Zweihundert Zuhörer, darunter viele junge Erwachsene, zeigten sich berührt von der ‚Szenischen Lesung‘ "Ein Morgen vor Lampedusa". Dort versank am 3. Oktober 2013 ein mit 545 Flüchtlingen besetztes Boot. 366 von ihnen starben, unter ihnen Kleinkinder und Säuglinge.
Schwerste Kost in roten Kinosesseln
Autor Antonio Umberto Riccò und dessen Hannoveraner Arbeitsgruppe "Unser Herz schlägt für Lampedusa" hatte die Aussagen zahlreicher Beteiligter dokumentiert und daraus die Lesung erarbeitet. Die Männer und Frauen in den roten Kinosesseln hörten die Worte von Flüchtlingen, von Fischern und Touristen wie Marcello, die helfen wollten. "Wir hätten sie retten können", erinnerte sich Letzterer, wütend über die Weisungstreue der Patrouillenboote.
Vorschriften verboten diesen, Flüchtlinge ohne offizielle Befehle zu retten. Die Lesung zitierte Behörden und Politiker, Bewohner Lampedusas und Taucher, die Leichen aus dem Wrack bargen. Die Zuhörer erfuhren von inneren Konflikten, von ausgebliebener Hilfe und von der Angst vorm Gesetz, die Helfer lähme.
Vom Landes-Caritasverband organisiert
Der Landes-Caritasverband für Oldenburg (LCV) hatte den Abend organisiert, um auf die Flüchtlingsproblematik aufmerksam zu machen und "um selbst ein Zeichen der Solidarität zu setzen", so Caritasdirektor Dr. Gerhard Tepe. Statt eines Eintrittsgeldes sammelten die Verantwortlichen eine Spende zugunsten von Sprachkursen für die Flüchtlinge in der Region.

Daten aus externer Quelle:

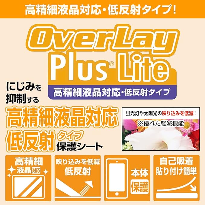 貼ったときの画面のギラツキを抑えた、高光沢に近いアンチグレアフィルムです。日光や蛍光灯の反射を抑え、画面が見やすくなる機能に加え、表面がさらさらなので指すべりもよく、指紋が目立ちません。

In ganz Deutschland war die Hannoveraner Arbeitsgruppe bereits unterwegs, der Abend in Vechta war die 37. Lesung. Dabei wechselten sich die Vorleseparts mit dem Gesang von Francesco Impastato ab. Ralf Rießelmann, Melanie Ehlert und Holger Meyer übernahmen die Sprecherrollen. Die beiden Erzähler, Jutta Lüske und Stephan Trillmich fassten Hintergründe zusammen und führten durch die Berichte. Den Hintergrund zu Gesang und Vortrag bildeten Fotos aus Lampedusa und Fakten zur Flüchtlingspolitik.
"Ein Gruß, ein freundliches Wort"
Die Podiumsdiskussion im Anschluss hatte einen eindeutigen Tenor: Hilfe für Flüchtlinge, die in der Region ankommen, ist dringend notwendig. Ganz klein könne sie anfangen, schärfte Caritas-Beraterin Elisabeth Vodde-Börgerding ein. "Ein Gruß, ein freundliches Wort", sei das, was jeder leisten kann, betonte die erfahrene Flüchtlingsberaterin. Es sei ein sichtbares Zeichen dafür, dass die Flüchtlinge hier erwünscht seien.

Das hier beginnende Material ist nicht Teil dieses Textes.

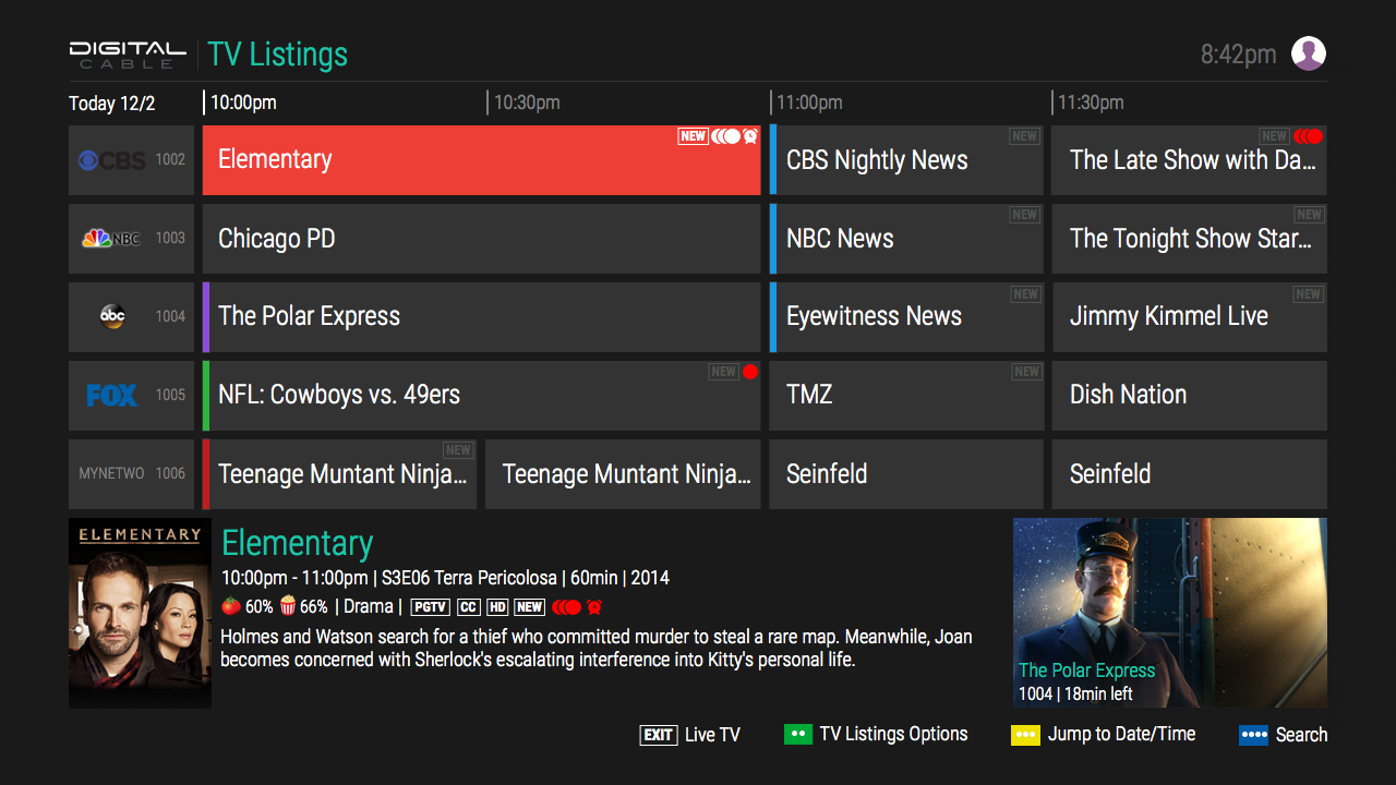 Starting with the design concepts, I modified them to allow for extensive remote (D pad style) navigation, highlighting anything that was selectable in the primary color while retaining context for location with a faded primary color when entering a subsection or menu. Badges on TV shows in the guide provide important information about whether an episode is new, is set to record a single episode or series, or has a reminder to watch set. Slide out and stacking panels (from the right of the screen) were used to keep context with the main underlying screens, allowing for more info and configuration changes to happen in place with out navigating away from the content. On screen contextual buttons (at the bottom of the screen) mapped to physical buttons on the remote to allow quick access to functions without having to navigate by arrow keys across many selectable areas on screen.

Dass es einem schlecht werden könne in Anbetracht der geschilderten Tatsachen, gestand Weihbischof Heinrich Timmerevers. "Wir müssen Aufmerksamkeit und Abwehr schaffen, für einen Rassismus der neu entsteht. Da müssen wir viel Arbeit leisten."

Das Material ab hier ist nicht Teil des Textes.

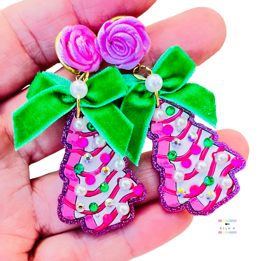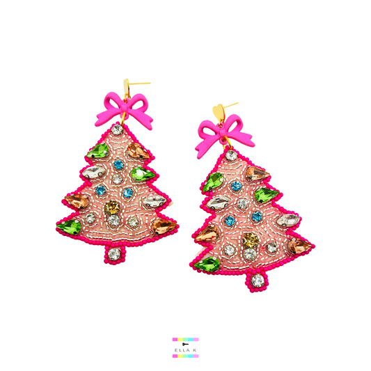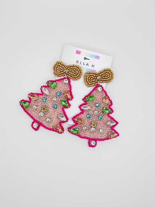 Pink Christmas Tree Earrings

Adresse für die, die helfen wollen
Auf dem Podium saß auch Abdul Malik. Er kam als Flüchtling von Afrika über Lampedusa nach Vechta-Langförden. Gedolmetscht von Ralf Rießelmann schilderte er seine Erfahrungen auf der Flucht und dem positiven Empfang durch die Flüchtlingshilfe Langförden. Die Ehrenamtlichen dort werden aktiv, damit sich die Flüchtlinge wohlfühlen können. Menschen, die ebenfalls helfen wollen, empfahl Vodde-Börgerding, können sich beispielsweise "an ihre lokale Kirchengemeinde wenden.